- The Washington Times - Tuesday, February 12, 2002

RICHMOND (AP) A Virginia Senate committee endorsed legislation yesterday to post "In God We Trust" in public schools after amending the bill to emphasize that Congress made the message the national motto in 1956.
The Education and Health Committee voted 9-6 to endorse the bill, which will get a vote in the Senate tomorrow.

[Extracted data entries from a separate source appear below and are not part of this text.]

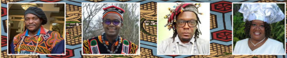
Prince Théophile Tatsitsa Cameroun
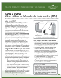
Asthma: How to Use a Metered Dose Inhaler (Asma y COPD: cómo utilizar un inhalador de dosis medida)
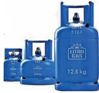
சிலிண்டர்கள் கைவசம் இல்லை என்று தெரியவந்துள்ளது. தொடர்ச்சி P2

நாடு முழுவதும் எரிவாயு சிலிண்டர்களுக்கு கட்டு தட்டுப்பாடு நிலவுவதாக நுகர்வோர் விசனம் தெரிவிக்கும் நிலையில், சிறு விற்பனையாளர்களுக்கு கடன் அடிப்படையில் சிலிண்டர்களை வழங்குமாறு லட்ரோ நிறுவனம் விநியோகஸ்தர்களுக்கு அறிவுறுத்தியுள்ளது. எரிவாயு விற்பனையாளர்களிடம் போதிய அளவான
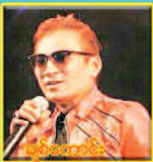
ရှင်စတန်း

ဝယ်ယူထားသော မိတ်ဆွေများ အနေဖြင့် ကံစမ်းမဲဖွင့်ပွဲ အခမ်းအနားသို့ ဝယ်ယူထားသော ဘောင်ချာ၊ ကုပွန်စာရွက် ၊ မှတ်ပုံတင် နှင့် တကွ ယူဆောင်လာပြီး နိုင်ငံကျော် တေးသံရှင်များ၏ ဖျော်ဖြေမှုနှင့်အတူ ရင်ခုန်ဖွယ်ရာ ကံထူးရှင်ရွေးချယ်ပွဲကြီးအား ချက်ချင်းမဲနှိုက်ပြီး ချက်ချင်းချီးမြှင့်သွားမည်ဖြစ်ပါ၍ ကြွရောက်ပေးပါရန် ဖိတ်ကြားအပ်ပါသည်။
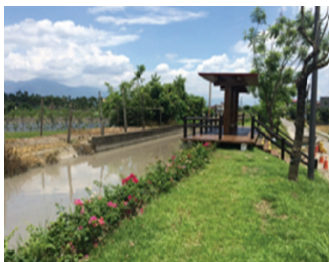
旗山美濃地區自行車道系統改善
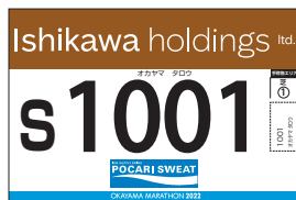
アスリートビブス
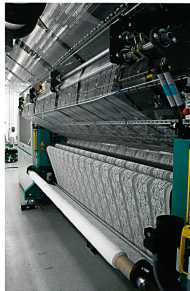
Abb. 1: Frontansicht der JL 83/1

Die variable Versatzlinienkonfiguration macht es dem Kunden möglich, unterschiedliche An-
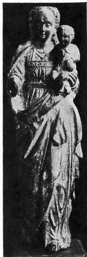
12306. — Bois doré. Statuette.

1261. Ivoire. Feuille gauche de diptyque. Dans une triple arcature trilobée, la Nativité. La Vierge étendue sur un lit berce de la main gauche l'Enfant emmaillotté, couché dans un berceau, près duquel le bœuf et l'âne sont accroupis. Au pied du lit, Saint Joseph. Dans le fond, l'Ange apparaît à un berger entouré de ses troupeaux (chien
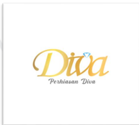
Gambar 2.1 Logo Perhiasan Diva
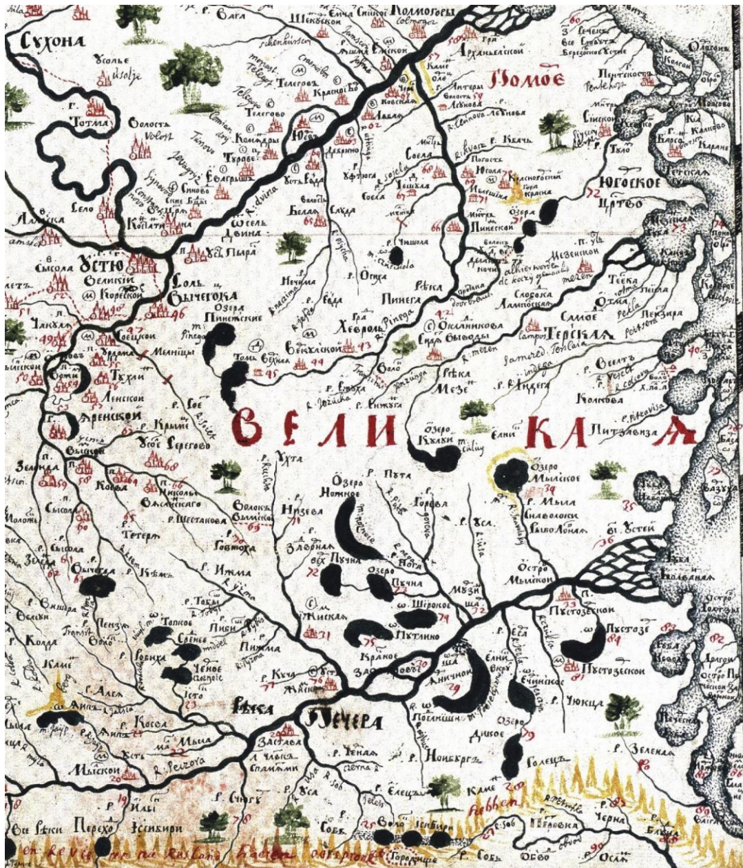
Рис. 7. С. У. Ремезов. Чертежная книга Сибири (фрагмент). 1701 г.
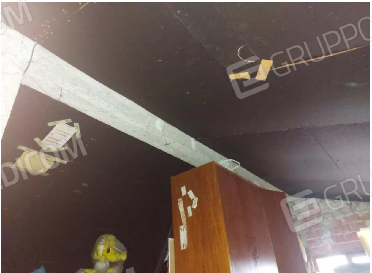
Foto n° 17 – 01/03/2024 - Comune di Aviano, foglio 55, part.384, sub.4 – Soffitta.
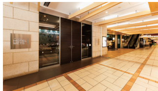
JR立川駅南改札より 徒歩1分

JR立川駅南改札から徒歩1分、駅ビルにもアクセス抜群。ビジネス利用、多摩エリアへのレジャーにも便利な立地が魅力のホテルです。
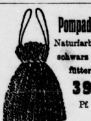
Pompadour Naturfarbe u. schwarz gefürtert 39 Pf.
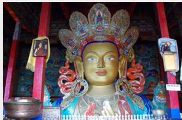
พระศรีอารยเมตไตรย์ วัดธิคเซย์
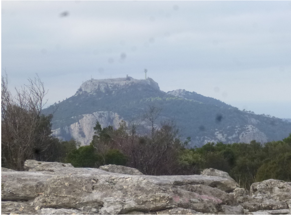
Le Mont Caume.
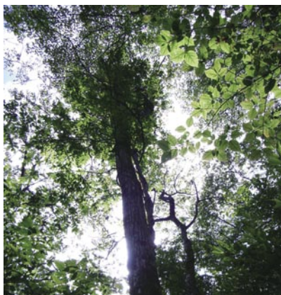
気持ちのよい落葉広葉樹の林

渓谷沿いの登山道はサワグルミヤトチノキ、チドリノキなどの自然林に囲まれ、林床にはサンインシロカネソウやラショウモンカズラといった希少な草本類を
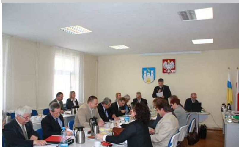
V Kadencja 2006 - 2010
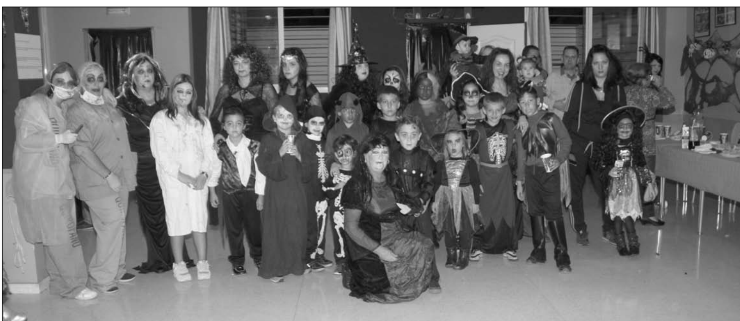
El pasado día 31 de octubre se celebró una Fiesta de Halloween a partir de las 18:30 en los salones de la Peña Santa Cristina. Niños y mayores de esta entidad federada disfrutaron de una actividad que cada año gana en adeptos.
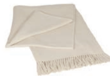
6004 OFF WHITE
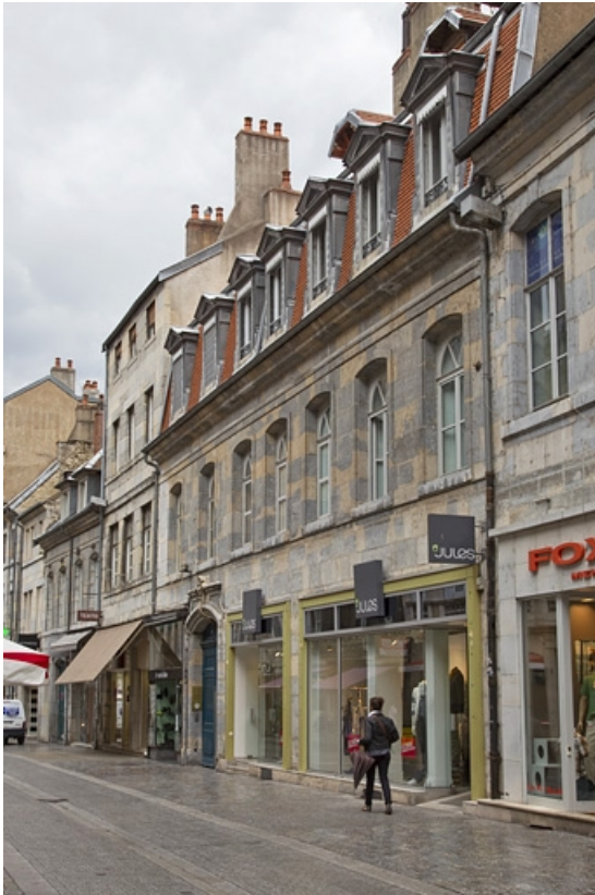
Vue d'ensemble sur rue, de trois quarts droit.

25, Besançon, 21 rue des Granges, lieudit : îlot Poste
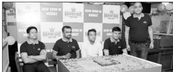
रेस्टोरेंट की लांचिंग के अवसर पर मेरठ यूनिट के अधिकारी।

अ.हि.ब्यूरो/मवाना। भारत ही नहीं, बल्कि पूरे विश्व में लजीज व्यंजनों की दुनिया में अपनी पहचान बना चुका बारबेक्यू नेशन रेस्टोरेंट का आउटलेट अब मेरठ में भी खुल गया है। कंपनी के अधिकारियों ने नगर में चल रही शहीद चंद्रभान प्रदर्शनों में स्टॉल लगाकर आगतुकों को रेस्टोरेंट की जानकारी दी। इसमें वेज व नॉन वेज के लजीज व्यंजन ग्राहकों को परोसे जाएंगे। इस संबंध में जानकारी देते हुए कंपनी
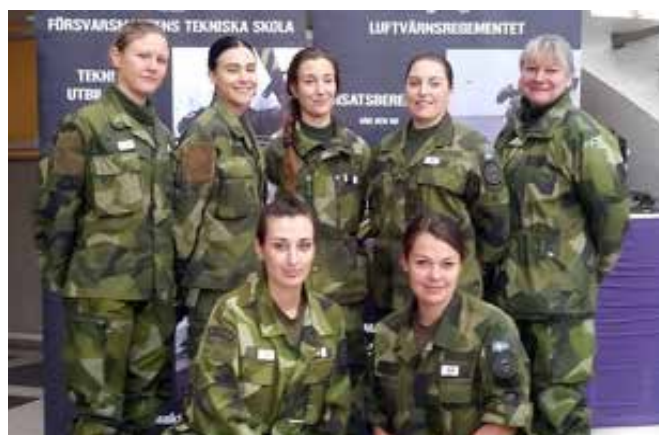
Exempel idag, kvinnliga tekniker.
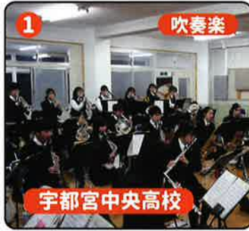
1 吹奏楽 宇都宮中央高校

"The nation has long recognized this motto as very inspirational," said the bill's sponsor, Sen. Nick Rerras, Norfolk Republican. "The motto gives us hope for the future, and it helps us persevere in difficult times."
Sen. R. Edward Houck, Spotsylvania Democrat, proposed the amendment to add after "In God We Trust" the notation: "National motto enacted by Congress, 1956."

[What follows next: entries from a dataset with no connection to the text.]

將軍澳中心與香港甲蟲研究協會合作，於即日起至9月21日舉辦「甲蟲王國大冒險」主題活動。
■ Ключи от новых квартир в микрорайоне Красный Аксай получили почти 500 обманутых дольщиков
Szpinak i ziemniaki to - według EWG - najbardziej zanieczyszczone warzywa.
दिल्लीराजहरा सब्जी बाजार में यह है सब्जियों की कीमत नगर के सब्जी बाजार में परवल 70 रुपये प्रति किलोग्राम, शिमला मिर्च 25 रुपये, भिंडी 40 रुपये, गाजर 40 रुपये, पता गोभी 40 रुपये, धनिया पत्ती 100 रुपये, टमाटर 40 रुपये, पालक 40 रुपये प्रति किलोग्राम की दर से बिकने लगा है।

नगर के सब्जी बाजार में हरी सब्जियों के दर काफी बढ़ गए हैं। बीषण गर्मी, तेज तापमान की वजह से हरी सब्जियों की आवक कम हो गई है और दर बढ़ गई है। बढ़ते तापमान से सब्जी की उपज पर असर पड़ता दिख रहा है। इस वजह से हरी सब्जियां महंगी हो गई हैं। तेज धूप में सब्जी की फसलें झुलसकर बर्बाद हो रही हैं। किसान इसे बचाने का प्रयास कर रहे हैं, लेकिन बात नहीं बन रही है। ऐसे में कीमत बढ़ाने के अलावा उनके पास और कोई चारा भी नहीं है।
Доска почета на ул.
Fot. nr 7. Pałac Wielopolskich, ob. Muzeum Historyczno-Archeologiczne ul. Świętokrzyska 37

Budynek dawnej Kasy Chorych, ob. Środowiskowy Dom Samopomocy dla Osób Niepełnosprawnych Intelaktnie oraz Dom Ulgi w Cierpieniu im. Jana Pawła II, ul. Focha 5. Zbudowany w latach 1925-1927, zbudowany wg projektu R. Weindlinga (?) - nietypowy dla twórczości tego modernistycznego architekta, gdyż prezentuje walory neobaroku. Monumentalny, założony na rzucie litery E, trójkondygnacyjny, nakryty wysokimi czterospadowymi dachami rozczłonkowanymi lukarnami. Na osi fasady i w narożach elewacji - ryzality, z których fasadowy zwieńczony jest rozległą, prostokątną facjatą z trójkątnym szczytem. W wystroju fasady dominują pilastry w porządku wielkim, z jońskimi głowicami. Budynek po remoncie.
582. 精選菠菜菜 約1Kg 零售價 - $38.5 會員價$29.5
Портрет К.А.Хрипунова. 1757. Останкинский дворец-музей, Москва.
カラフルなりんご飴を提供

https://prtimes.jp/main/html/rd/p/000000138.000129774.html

Mr. Houck said he wanted to make sure students view the motto from a historical perspective rather than a religious one. The motto has appeared on the nation's coins since 1908.
"The reality is that this is the motto of this nation," he said. "On that level, it doesn't offend me."
Mr. Houck said public schools already routinely post the Pledge of Allegiance, which includes the phrase, "One nation under God."
"That posting has not brought down Western civilization," Mr. Houck said. "I don't think this is the end of the world."

Also yesterday, the House overwhelmingly passed legislation intended to revive Virginia's ban on a late-term abortion procedure.
The House voted 75-25 to pass Delegate Robert G. Marshall's bill prohibiting "medically induced infanticide." The bill is essentially the same as the state's ban on a procedure called partial birth abortion. The statute was invalidated by a U.S. Supreme Court ruling that a similar Nebraska law was unconstitutional.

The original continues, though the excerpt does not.